Berbera, a city on the Red Sea coast, at the time the principal port of Somalia after Mogadishu, was also targeted by government troops. Atrocities committed in Berbera by the government against Isaaq civilians were especially brutal—Human Rights Watch reported that Berbera had suffered "some of the worst abuses of the war" even though the SNM had never launched an attack on Berbera like they did on Burao and Hargeisa.

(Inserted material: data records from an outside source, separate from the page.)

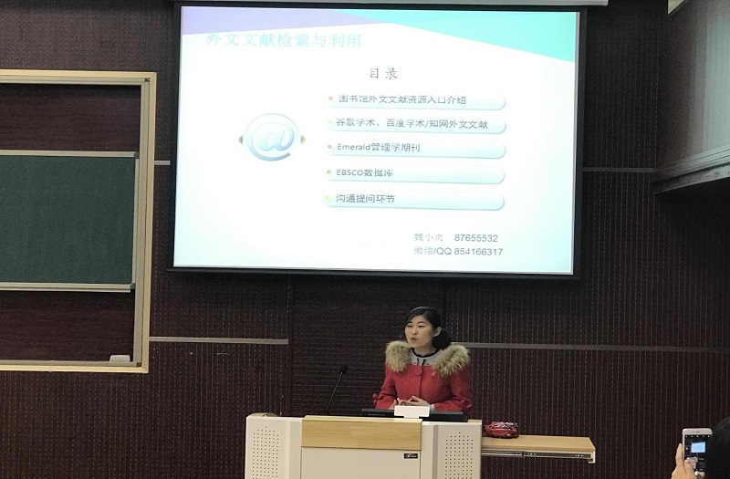 2017年4月27日上午8时,辅导员李晓晓老师在伟德bv国际体育MBA教室主持召开“学习外文文献检索与利用”活动,本次活动特邀到校图书馆咨询处魏小贞老师向同学们开展讲座。15级中美合作办学项目全体同学参加了此次活动。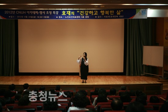 충남대학교병원(원장 송시헌)는 24일 오후 4시30분 부터 노인보건의료센터 5층 강당에서 자연주의 놀이꾼 보자기 아티스트 이효재씨를 초청 '건강하고 행복한 삶' 이란 주제로 강연을 가졌다.
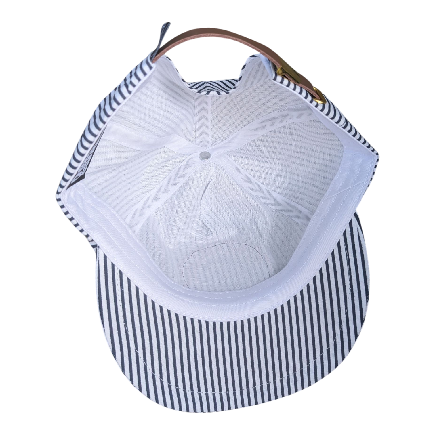 Classic 5-panel design crafted from blue hickory striped canvas for a timeless, worn-in look. The unstructured crown offers a relaxed fit, finished with a brown leather strap back for easy adjustment.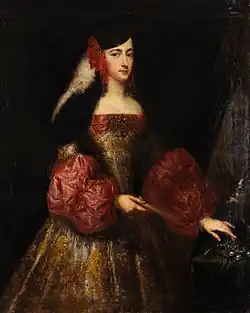 ![]() La duquesa de Montalto, Juan Bautista Martínez del Mazo, 1665. Óleo sobre lienzo, 120 x 100 cm. Museo Estatal de Baja Sajonia, Hanóver. | ||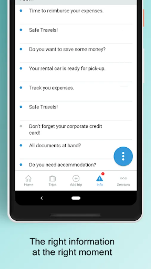 The app monitors flight and train travels automatically and informs you in case of delays, cancellations or gate changes. Security notifications provided by the crisis specialist A3M warn you in case of terrorist threat, natural disasters or riots on-site.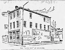 Slave pen of "negro-trader White" in Lexington, Missouri, illustration 1908.[24] According to Frederic Bancroft in Slave-Trading in the Old South "Lexington had two [resident slave traders] — one of whom 'was a wealthy planter of good repute', making a hotel his city headquarters and having a three-story building as a slave-pen. Platte City had a thriving trade, St. Joseph had at least one firm of slave-dealers, and Columbia and Marshall were not neglected by the traders. And the advertisements and the movements of the traders conclusively show a very active traffic in slaves because of the prices they would bring in the lower South."[23] - From a 1908 Kansas City Star article about Missouri in the American Civil War, "Lafayette county was intensely Southern to its sentiment. There still stands on Main street of the town of Lexington the building known as the 'slave pen' where 'Nigger Trader White'...kept unruly slaves whom he bought from their owners. When this dealer in 'black ivory' had a boat load sold to the planters down the river the 'pen' was emptied. To be sent 'down the River' was to a Missouri slave the greatest tragedy that could befall him."[24] According to Harrison Anthony Trexler in 1914, there were two slave traders named on an 1861 map of Lexington, one of whom had a three-story pen and was called J. R. White.[2]

Government attacks on Berbera included mass arrests, wanton killing of civilians, confiscation of civilian property, especially cars, luggage, and food at the city's port, which were taken to Mogadishu. Modes of transport belonging to Isaaq civilians were confiscated by force; only military transport was allowed in the city.

==== Mass arrests ====
Immediately after the SNM attack on Burao, the government started a campaign of mass arrests in Berbera. Many Isaaq businessmen and elders were arrested as the government suspected they would support an SNM attack on Berbera.

Between 27 May and 1 June, planes which brought soldiers from Mogadishu carried Isaaq detainees on the return flight. The killing of detainees started when orders came from Mogadishu to cease the transfer of detainees. Arrests usually happened at night and were carried out by the Hangash forces.

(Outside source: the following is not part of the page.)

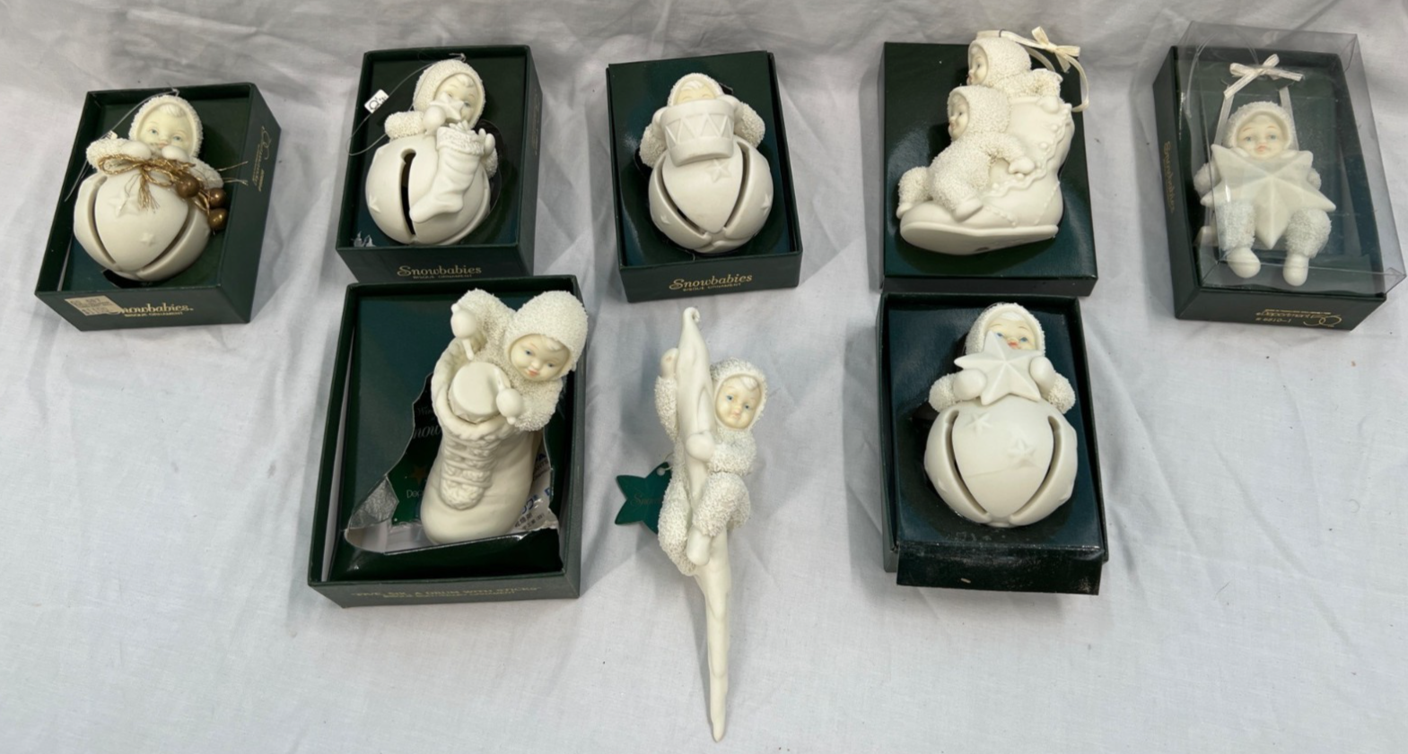 Lot of 8 DEPT 56 Snowbabies Bisque Christmas Ornaments in boxes

==== Arrests and killings of Isaaq passengers on the ship "Emviyara" ====
On 21 June, a ship called 'Emviyara' had docked at the port of Berbera. The passengers were Somalis deported from Saudi Arabia after being imprisoned there before the war broke out. They were deported due to accusations by Saudi authorities of irregularities in their residence documents. Human Rights Watch reports that "out of about 400 passengers, 29 men identified themselves as Isaaks. There were many others, but they claimed to be from other clans." The commander of the Hangash forces at Berbera and his deputy, Calas and Dakhare respectively, "sorted out the passengers according to their clan". Those confirmed to be Isaaq were taken to the Hangash compound where their belongings and money were confiscated. Some were severely tortured and had become permanently paralyzed as a result of the torture. Eight of the passengers detained were killed; the remaining 21 were imprisoned in Berbera and later released.

==== Mass killings ====
Atrocities committed by government forces in Berbera are especially notable because no fighting between government forces and SNM had taken place there, and as such the government had no pretext to commit atrocities against Isaaq civilians in Berbera (and other Isaaq settlements not attacked by SNM). According to Human Rights Watch, the city had suffered "some of the worst abuses of the war even though the SNM never attacked Berbera".

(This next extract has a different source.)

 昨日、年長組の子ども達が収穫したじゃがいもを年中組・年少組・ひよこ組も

As soon as news of the SNM's attack on Burao reached government authorities in Berbera, the city was completely blocked, and hundreds of people were arrested. "More than 700 experienced worse deaths than had occurred elsewhere in the region." Methods of killing included the slitting of throats, garrotting, the cutting of the back of the neck, and getting severely disabled by beating with clubs before getting shot. The killings took place near the airport at a site about 10 kilometers from Berbera, and were conducted at night. The victims were killed in batches of 30-40. Most of them were men of fighting age that "the army feared would join the SNM," and a few women were also among the victims.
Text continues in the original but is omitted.